T2 mapping images were acquired before contrast injection using a T2-prepared, single-shot TrueFISP sequence along the same planes used for T1. The parameters were: TR/TE, 2.1/1.1 ms; FA, 70°; bandwidth, 930 Hz/pixel; FOV, 379 × 308 mm2; matrix, 192 × 126 pixels; ST, 8 mm; GeneRalized Autocalibrating Partial Parallel Acquisition (GRAPPA) factor, 2, with the acquisition on every fourth heartbeat; and T2 preparation times, 0, 25, and 55 ms. T2 pixel maps were generated by fitting pixel intensities onto a 2-parameter monoexponential signal model after automatic in-plane, non-rigid motion correction.

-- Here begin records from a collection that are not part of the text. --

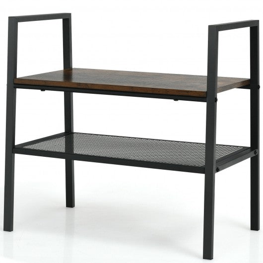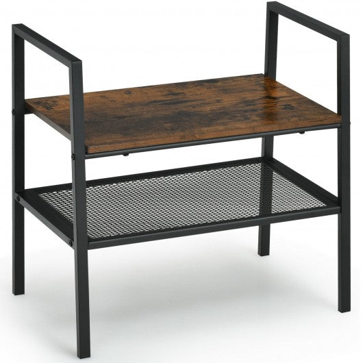 Made of premium engineered wood and heavy-duty powder-coated steel the side table is sturdy and stable which can be used for the long term.   The end table combines beauty and practicability in one. A classic industrial design can integrate into any decoration style perfectly. Ample storage space including desktop and lower shelf provides enough space for you to place sundries books ornaments shoes or kitchen supplies. It not only can be an end table in the living room or bedroom but also can be a kitchen shelf a shoe rack and a side table.   If you're looking for a storage table of compact size our side table maybe is a great choice for you!   Crafted with sturdy wooden board and premium steel frame A classic industrial design can integrate into any decoration style Compact size for narrow space of the living room office or hallway Design of 2-layer Stacking Structure to save more horizontal space Ample storage space allows the placement of a variety of supplies Easy to assemble with detailed instruction and clean with a cloth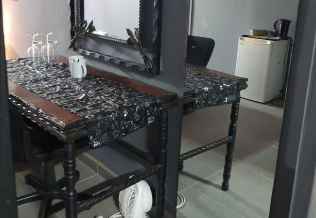 Comfort Quadruple Room is air-conditioned, sleeps four and is furnished with a double bed and two single beds. The en-suite bathroom is fitted with a corner bath, toilet and basin. The room has a kitchen fitted with a bar fridge, microwave, kettle, and a washing machine.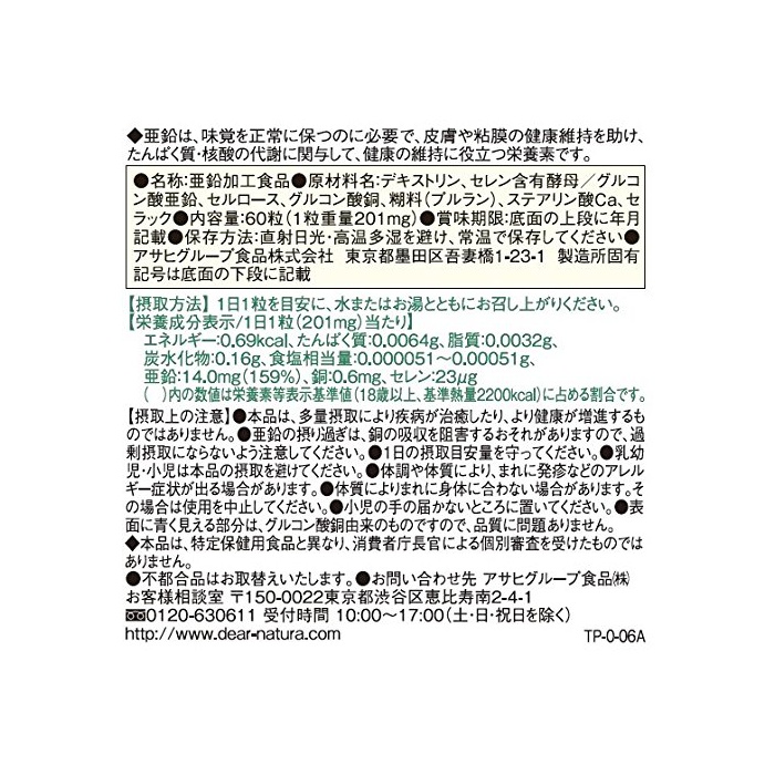 원재료 : selen 함유 효모,셀룰로오스,《구루콘》산 아연,《구루콘》산동,스테아린산Ca,전분 글리콜산Na,미립 산화 규소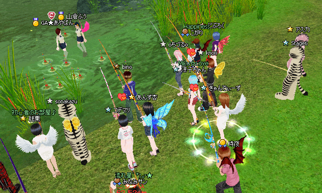 今日初心者応援イベントに参加しました。私は12時7分に着いて説明を聞く暇がなかったのですが、以前参加した物と同じことがわかって、なんとかできまました^^ このイベントは、ニジマスを釣って友達と一緒にSSを撮って、それぞれが、相手のお友達の名前を書き添えてイベントの掲示板の回答といところから、投稿するとイベントが完了になるんです。このイベントは、お友達作りに最適です。初心者の方がいたら是非参加してみて下さいね♪ここで、knori さんと言うお友達ができました。私の知ってる方がいなかったので、お友達をお願いしたんです^^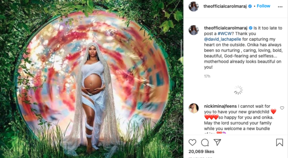 A simple #WCW post has some Nicki Minaj fans sitting on the edge of their seats hoping to receive official news that the rap star has given birth to her baby.

Post-contrast T1 mapping images were acquired 13 minutes after intravenous injection of 0.2 mmol/kg of gadolinium contrast (meglumine gadoterate [Dotarem], Guerbet) along the same 3 SA planes used for T1. The scheme for post-contrast T1 mapping was “4(1)3(1)2” using 3 inversion pulses.

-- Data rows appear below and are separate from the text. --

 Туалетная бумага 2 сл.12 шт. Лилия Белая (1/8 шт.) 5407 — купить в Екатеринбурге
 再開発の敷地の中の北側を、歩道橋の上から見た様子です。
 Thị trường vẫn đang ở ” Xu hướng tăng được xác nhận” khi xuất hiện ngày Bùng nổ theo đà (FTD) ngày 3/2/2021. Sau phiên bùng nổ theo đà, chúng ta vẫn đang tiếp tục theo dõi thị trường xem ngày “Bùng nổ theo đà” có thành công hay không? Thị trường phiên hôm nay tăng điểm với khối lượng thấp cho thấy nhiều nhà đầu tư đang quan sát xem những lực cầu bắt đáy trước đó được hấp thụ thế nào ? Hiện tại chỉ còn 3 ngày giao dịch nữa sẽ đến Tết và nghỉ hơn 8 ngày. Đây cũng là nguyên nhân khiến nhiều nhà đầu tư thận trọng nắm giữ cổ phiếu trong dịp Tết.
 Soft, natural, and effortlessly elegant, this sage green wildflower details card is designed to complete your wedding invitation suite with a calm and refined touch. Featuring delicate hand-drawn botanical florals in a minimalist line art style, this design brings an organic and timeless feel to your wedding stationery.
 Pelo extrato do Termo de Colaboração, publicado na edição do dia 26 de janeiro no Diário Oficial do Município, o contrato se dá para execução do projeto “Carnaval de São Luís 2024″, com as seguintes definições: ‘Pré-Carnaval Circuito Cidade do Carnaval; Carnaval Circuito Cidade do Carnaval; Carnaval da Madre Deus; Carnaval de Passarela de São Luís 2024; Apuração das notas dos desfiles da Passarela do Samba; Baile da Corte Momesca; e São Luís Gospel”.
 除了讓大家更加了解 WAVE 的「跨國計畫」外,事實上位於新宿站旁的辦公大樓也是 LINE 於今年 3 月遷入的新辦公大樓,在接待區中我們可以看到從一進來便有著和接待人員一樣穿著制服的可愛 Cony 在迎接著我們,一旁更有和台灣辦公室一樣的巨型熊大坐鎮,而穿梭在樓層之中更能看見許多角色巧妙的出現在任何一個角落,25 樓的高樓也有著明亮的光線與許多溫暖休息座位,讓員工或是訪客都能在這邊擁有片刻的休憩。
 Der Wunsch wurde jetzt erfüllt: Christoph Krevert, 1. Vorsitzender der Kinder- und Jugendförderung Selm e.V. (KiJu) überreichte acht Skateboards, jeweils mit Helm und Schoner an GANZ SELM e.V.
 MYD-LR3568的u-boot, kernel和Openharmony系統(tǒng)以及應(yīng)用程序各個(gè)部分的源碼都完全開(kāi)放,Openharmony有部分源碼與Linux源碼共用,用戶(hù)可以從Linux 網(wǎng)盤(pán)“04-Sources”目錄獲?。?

Before post-contrast T1 mapping image acquisition, LGE CMR images were acquired 10 minutes after contrast injection using a magnitude- and phase-sensitive inversion-recovery-prepared TrueFISP sequence with the inversion time adjusted to null, thus representing a normal myocardium. These LGE images were obtained along the same axis plane, covering the entire LV. Supplementary Materials summarizes these imaging parameters. The inversion time before LGE CMR imaging was determined using the fast low-angle shot sequence with varying inversion times (150 ms to 650 ms to null). Hematocrit levels were checked the day before CMR imaging.
CMR Image Analysis
Two expert radiologists (4 and 12 years of experience) analyzed the CMR images without the patients' clinical information. After visual assessment and consensus between the radiologists, patients were divided into 2 subgroups: group 1 (focal patchy or no LGE; images showed non-diffuse, discrete areas of LGE) (Fig. 2) and group 2 (diffuse and global LGE; images showed diffuse subendocardial or transmural circumferential patterns) [24].
Fig. 2. Cardiac MRI of patients.
A patient in group 1 showing focal patchy LGE (arrow) at the mid ventricular inferolateral wall (A). A patient in group 2 showing diffuse global LGE (E). Mapping and ECV values were obtained using a software (Circle Cardiovascular Imaging Inc.). The endocardial and epicardial borders of the left myocardium were delineated manually and divided into 16 segments according to the recommendations of the AHA. ECV values were automatically calculated using the software. The measurement of mapping and ECV values of a patient in group 1 (B, C, D) and a patient in group 2 (F, G, H). AHA = American Heart Association, ECV = extracellular volume, LGE = late gadolinium enhancement
Other image analyses were performed using the cvi42 MR analysis software (Circle Cardiovascular Imaging Inc.). For functional analysis, LV wall endocardial and epicardial borders were delineated manually on end-diastolic and end-systolic images on SA cine images. Left ventricular ejection fraction (LVEF) and LV mass were automatically calculated. LV wall thickness was measured at the septum and inferolateral wall at the end-diastolic phase; the mean value was used for analysis.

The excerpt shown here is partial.